In the mid-1990s, American companies were allowed to load satellites onto Chinese rockets. But after one satellite somehow transferred sensitive data to the Chinese, Congress decided that any and all components related to satellite making or spaceflight should be protected by ITAR. While companies in other sectors were able to petition to remove certain commonplace components from the United States Munitions List, a specific provision in ITAR banned the practice with space-related components.
Recently passed reform could potentially loosen ITAR restrictions. The 2013 National Defense Authorization Act allows the president to remove specific satellite components from the United States Munitions List if he is petitioned.
"It's a significant victory, but we don't know what'll happen," Gold says. "This is the opportunity for change, not change itself. ITAR isn't over—everything that was ITAR two months ago is still ITAR today."
Federal agencies have long realized that ITAR wasn't having its intended effect. In 2010, a joint report by the Departments of Defense and State found that removing certain commercial satellite components from the munitions list to be "manageable from a national security perspective … most components to commercial [satellites] could also be transferred [off the munitions list] without posing an unacceptable security risk."
Bigelow isn't the only company that has been affected by ITAR. Earlier this week, Steve David, director of advanced projects at SpaceX, which in 2012 became the first private company to fly to the International Space Station, told Congressional staffers at a lunch that his company had run into ITAR problems.

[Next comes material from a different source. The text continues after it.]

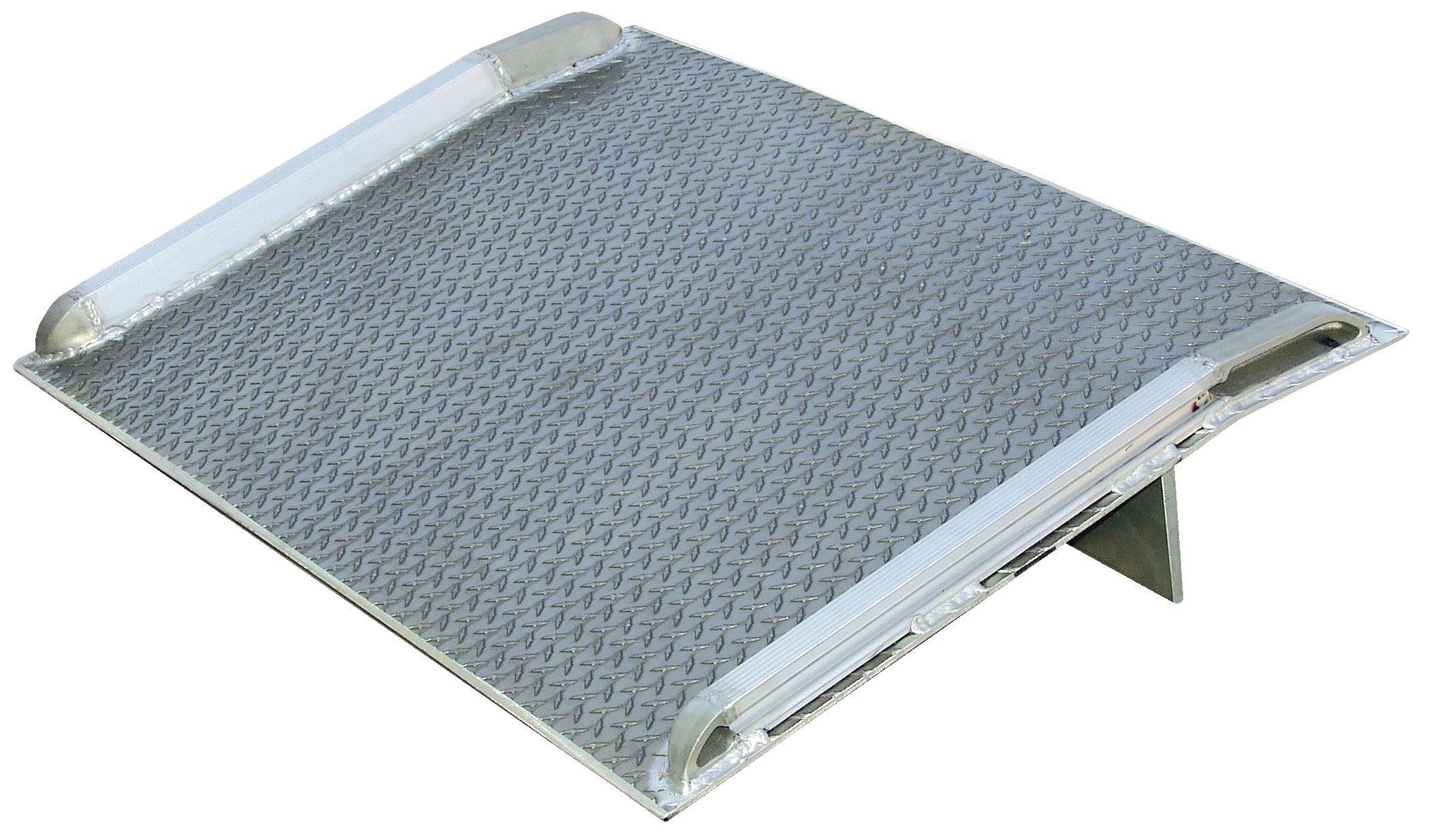 The Aluminum Truck Dockboard is engineered and built to maximize safety while handling heavy fork trucks and loads. The beveled edge is designed for smooth entry and exit. Locking legs prevent movement during loading and unloading operations. Locking legs are uneven to allow the dockboard to sit canted, while not in use, for easier pickup by fork trucks. Welded aluminum safety curbs prevent accidental runoffs and provide visible driving lane. When using three-wheeled fork trucks order dockboard with capacity at least four-times the lifting capacity of fork truck. The width of the dockboard should be at least 15 (in.) wider than the load or equipment passing between the curbs. Bend is 11° and 9″ from the edge and the legs are 12″ from the edge. Manufactured in compliance with OSHA.

"Your market is limited, and that affects the cost of spacecraft," he said. "I think we all know what that means."
A 2008 survey and report by the Space Foundation says that "smaller respondent companies are more likely to feel adverse effects from ITAR than large companies," and a study by The Space Review estimated that the United States' worldwide market share of the satellite industry declined from 83 percent before ITAR to 50 percent in 2008.